### Assignment
Exact duplicates of the lines from the top of the data through the line containing "The ball is" are needed, with every picture left out.

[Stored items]

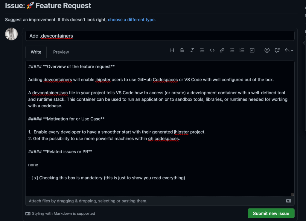 Alternatively, I could have used the sub-generator functionality of jHipster and let the .devcontainer configuration files only be generated, when a command like jhipster devcontainer is called. For that, you create a new folder with a meaningful name. So I would have created a folder .devcontainer with the following file structure.
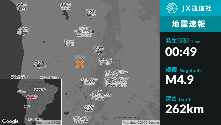 4月15日 00:49頃、ボリビアのVillazónから西49kmの地点でM4.9の地震がありました。
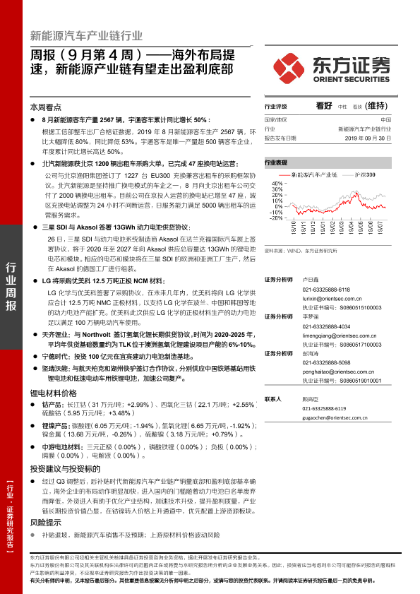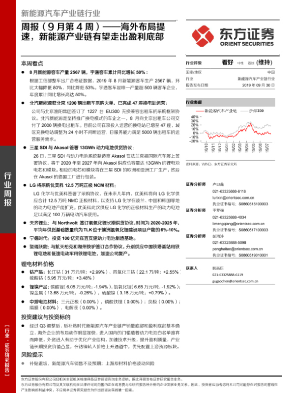 【东方证券】【20190930】新能源汽车产业链行业周报(9月第4周):海外布局提速,新能源产业链有望走出盈利底部-24页
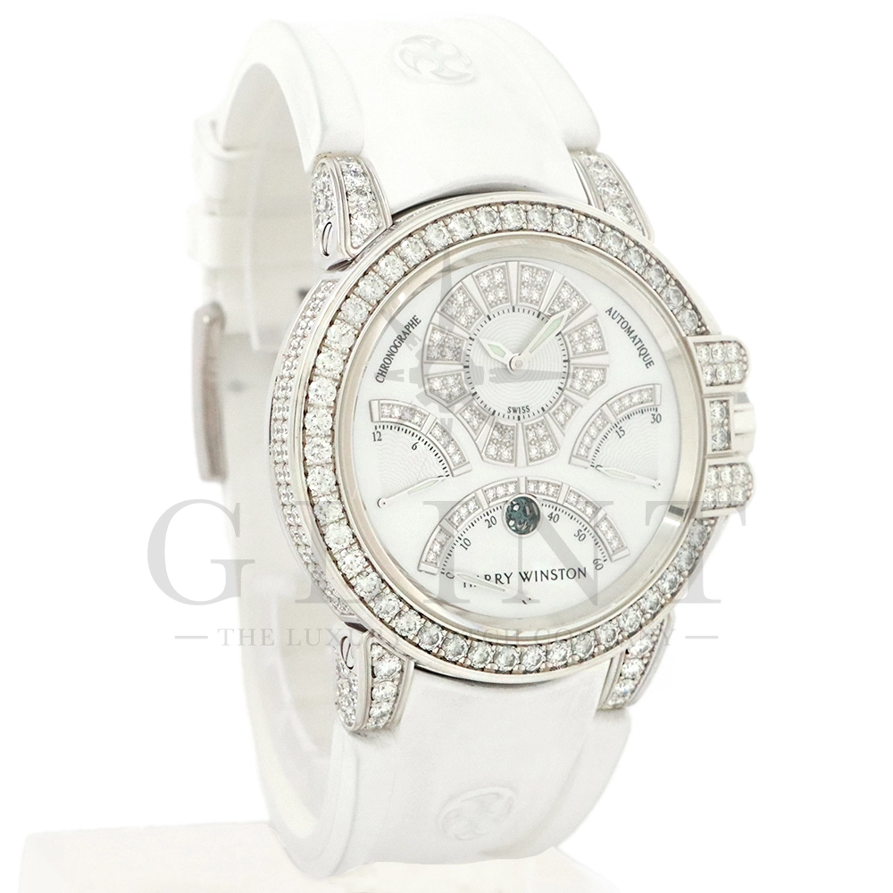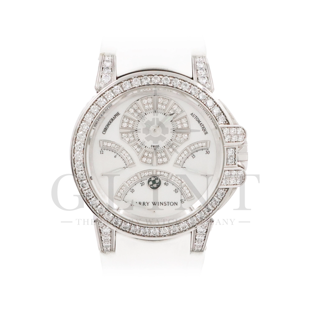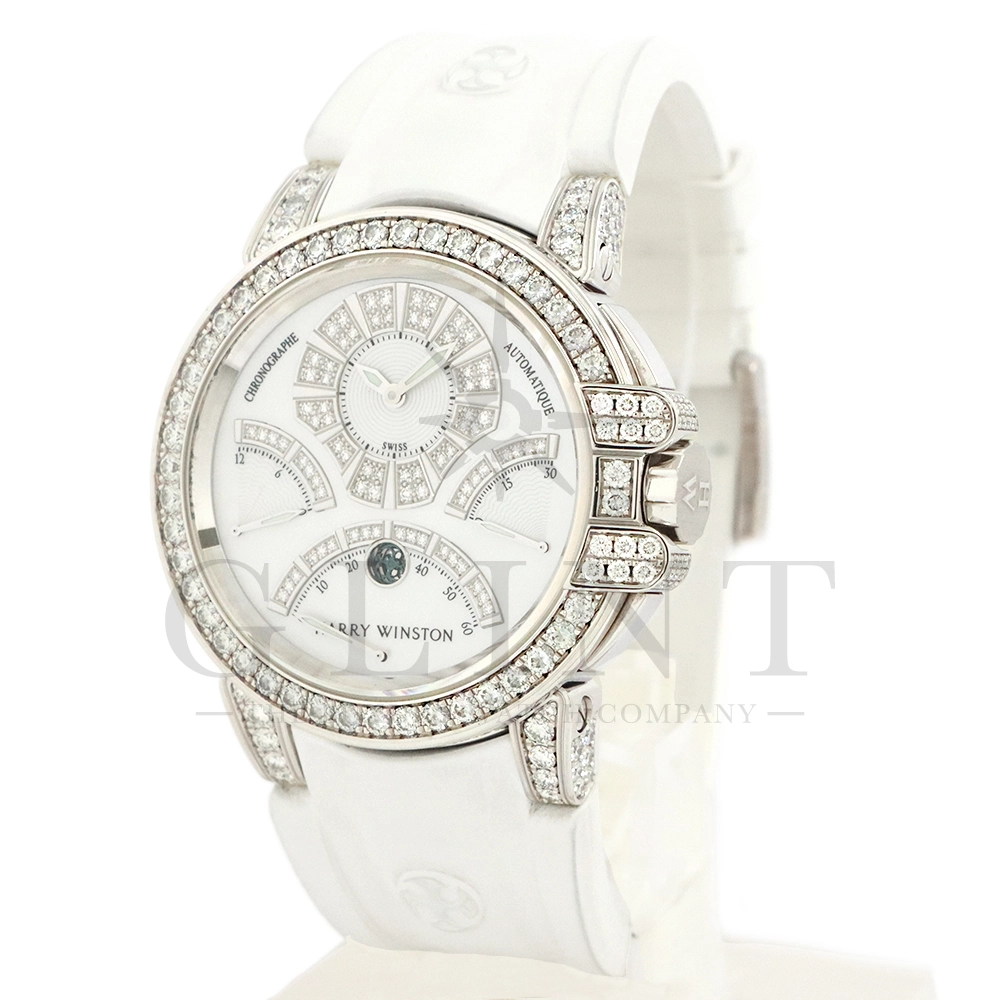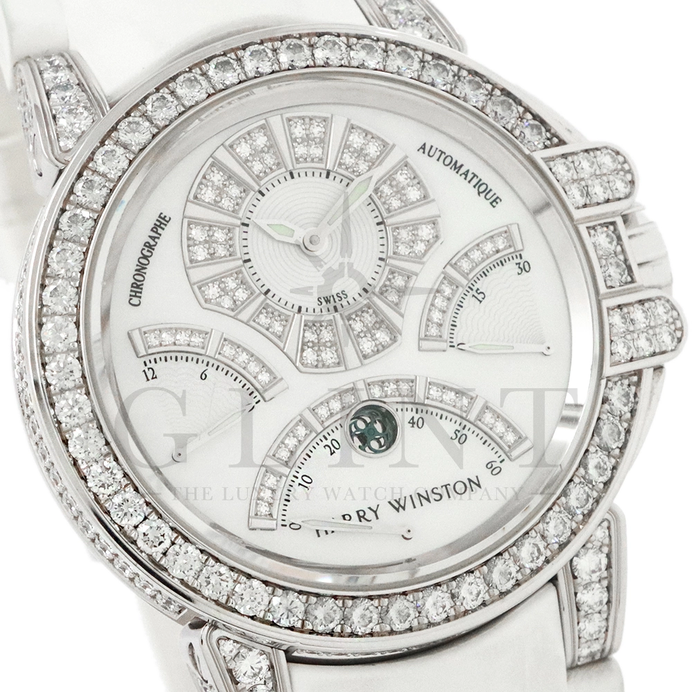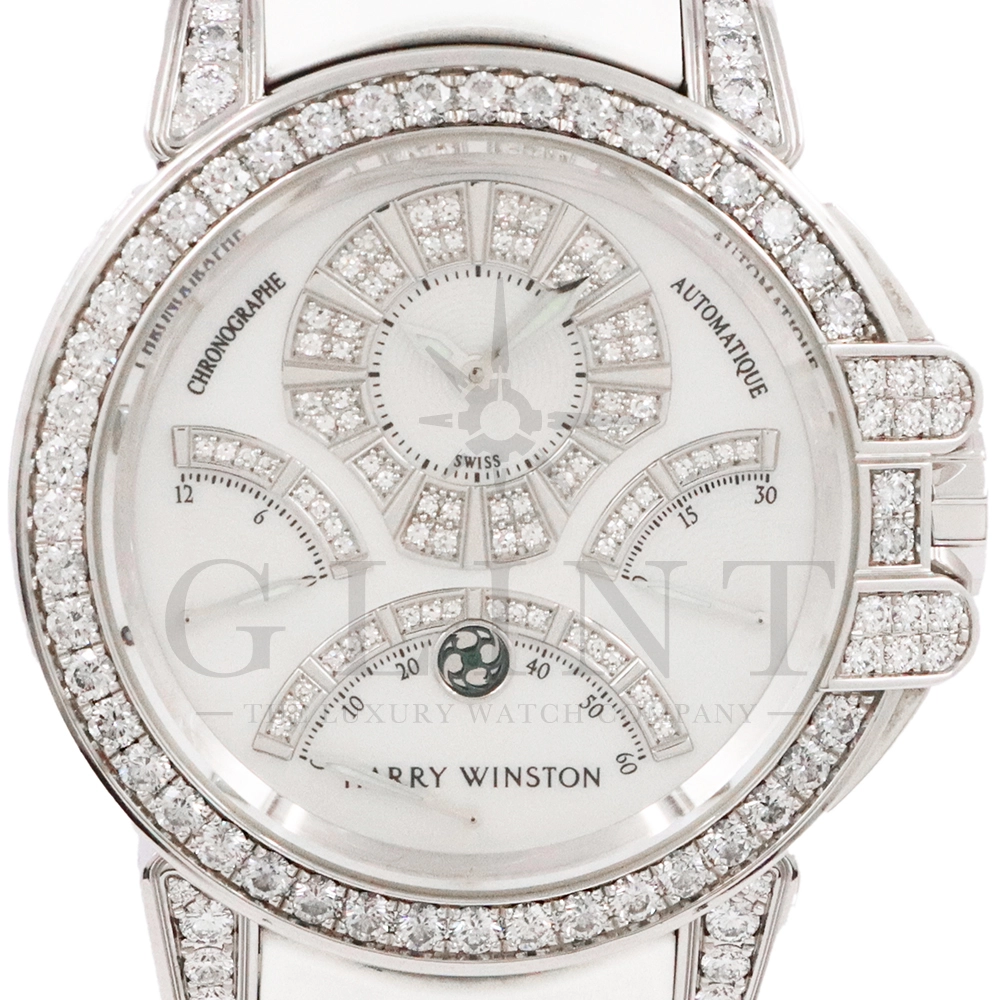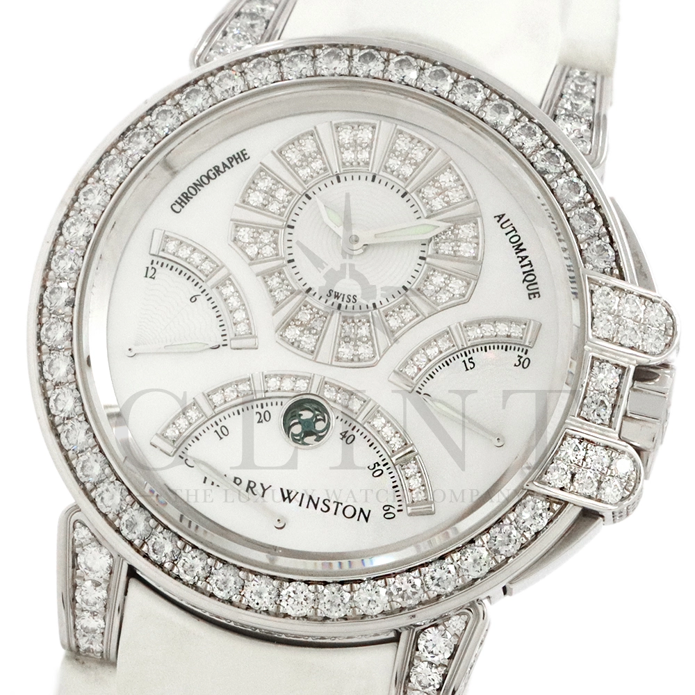 こちらはハリー・ウィンストン オーシャン トリレトロ クロノグラフです。ハリーウィンストン純正ダイヤモンドを贅沢に使用した大変人気の高いモデル。ケースサイドやラグ部分にまでダイヤモンドがセッティングされており、圧倒的な存在感を放ちます。角度や光加減によって様々な美しい表情を見せるホワイトシェル文字盤が高級感を更に後押ししてくれるでしょう。ディティールにこだわったハリーウィンストンらしい独創的なデザインと機能美を実現した最高級のジュエリーウォッチ。圧倒的な存在感でお客様のご満足度を高めてくれる逸品です。
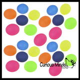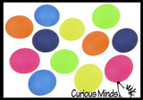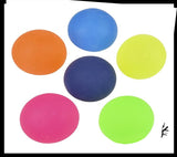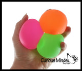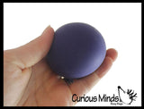 The ball is about 2.4" when it is round, but can be stretched out! This is very calming because it has a very silky soft feel, and you can pull and indent it multiple ways. I like it because you can turn it and pinch it just like you did in elementary school when you made pinch pots with clay. You need to feel it to really know how nice these are.
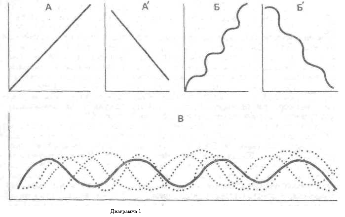 Во-первых, статистика доходов в США, Великобритании, Германии, Франции, Дании, России и некоторых других стран показывает, что со второй половины XIX века там существует тенденция к увеличению среднего уровня дохода и благосостояния. Допуская, что расчеты верны, встает вопрос, является ли эта тенденция постоянной (или она только часть "параболы"), которую может вытеснить стагнация или даже движение в противоположном направлении? Вторая возможность оказывается более верной. Если представить экономическое развитие во времени схематично, то это не будет ни прямая линия (А), ни спираль (Б), восходящая или постоянно нисходящая. Оно скорее ближе к изображению (В), которое не имеет какого-либо постоянного направления (см. диаграмма 1).

### Response box
 Alternatively, I could have used the sub-generator functionality of jHipster and let the .devcontainer configuration files only be generated, when a command like jhipster devcontainer is called. For that, you create a new folder with a meaningful name. So I would have created a folder .devcontainer with the following file structure.
 4月15日 00:49頃、ボリビアのVillazónから西49kmの地点でM4.9の地震がありました。
 【东方证券】【20190930】新能源汽车产业链行业周报(9月第4周):海外布局提速,新能源产业链有望走出盈利底部-24页
 こちらはハリー・ウィンストン オーシャン トリレトロ クロノグラフです。ハリーウィンストン純正ダイヤモンドを贅沢に使用した大変人気の高いモデル。ケースサイドやラグ部分にまでダイヤモンドがセッティングされており、圧倒的な存在感を放ちます。角度や光加減によって様々な美しい表情を見せるホワイトシェル文字盤が高級感を更に後押ししてくれるでしょう。ディティールにこだわったハリーウィンストンらしい独創的なデザインと機能美を実現した最高級のジュエリーウォッチ。圧倒的な存在感でお客様のご満足度を高めてくれる逸品です。
 The ball is about 2.4" when it is round, but can be stretched out! This is very calming because it has a very silky soft feel, and you can pull and indent it multiple ways. I like it because you can turn it and pinch it just like you did in elementary school when you made pinch pots with clay. You need to feel it to really know how nice these are.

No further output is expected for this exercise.